At the concert there were trees that were donated for us to plant in memory of Crystal and the quote tied to the trees sums life up perfectly!! "Do all the good you can, in all the ways you can, to all the souls you can, at all the times you can, with all the zeal you can, as long as ever you can." - John Wesley
I am going to attempt to post a few pictures from the concert with this blog...
Here is Crystal's sweet family....Joey with the kids - Tyler (8) and Caitlin (5)

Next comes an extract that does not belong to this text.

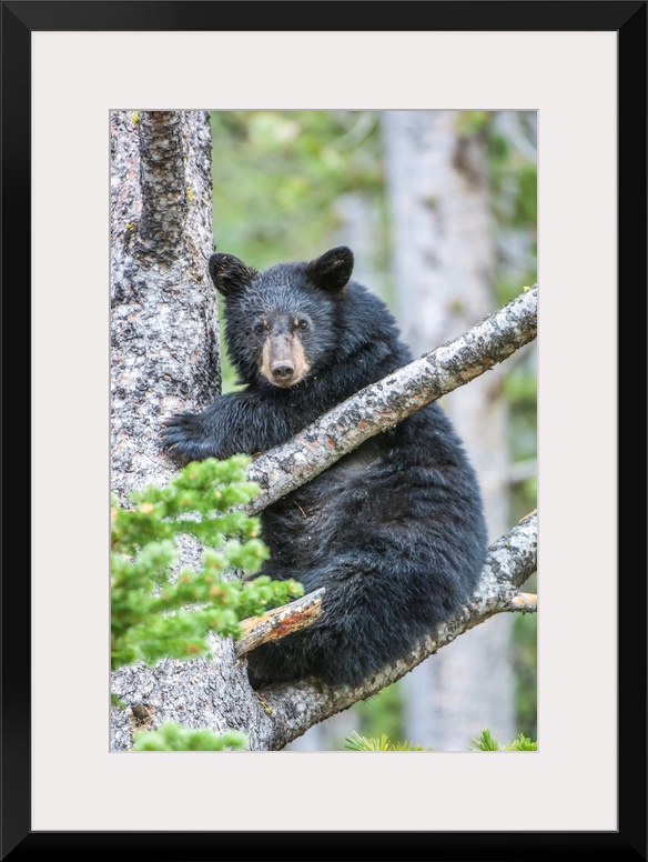 <p>Portrait of an American black bear cub (Ursus americanus) looking at camera and climbing a tree in Yellowstone National Park. The American black bear is one of eight species of bear in the world and one of three on the North American continent, Wyoming, United States of America</p>

Here are the very talented musicians....Matt Pippin, Thomas Tillman, & Jared Wade...and a guest appearance by our dear friend Chad Tyler...singing a song he co-wrote called Blue Cans
A picture of some of the folks who came out to show their love and support for Crystal's family!
Until next time.....
I am smiling and crying at this moment. Writing a blog is a GREAT idea!!! I saw your post on facebook and could not wait to see what u had in store for us...WOW! I am a little overcome with emotion that is too much for words. You are one amazing and inspiring woman Mel. I will be reading your blogs just so ya know :) And pictures are a nice touch for the people who live far away such as myself! Your entire family enter my mind at some point on a daily basis and just want u to know at that point I say little prayers for you all to be comforted and loved on. One of these days or years when I make it back to the GA I hope I can deliver a hug in person!!! Until then you and your family remain in my thoughts and prayers girlie :) And Zataranzerbellum...say what??? Hahaha!!!
ReplyDeleteWith love,
Your old soccer buddy
Susie
Melissa, I am so grateful that you have done this. I am also so thankful for your entire family being in our lives. Each of you provide strength and inspiration to me. I wear Crystal's picture on my keys at school just so students will see it and ask about it. When they do, I get to share all the incredible moments and memories I have with Crystal and with your whole family. She continues to touch people's lives daily!! Your are an amazing group of people. I am so thankful that Joey and the kids have you all. We love you dearly!
ReplyDeleteConsider me a subscriber... love this..can't wait to read more and see more pics Meli! Love you!
ReplyDeleteMelissa, What a beautiful idea! As you stated, this is something you and your family will always have and can read over and over, getting comfort from this also.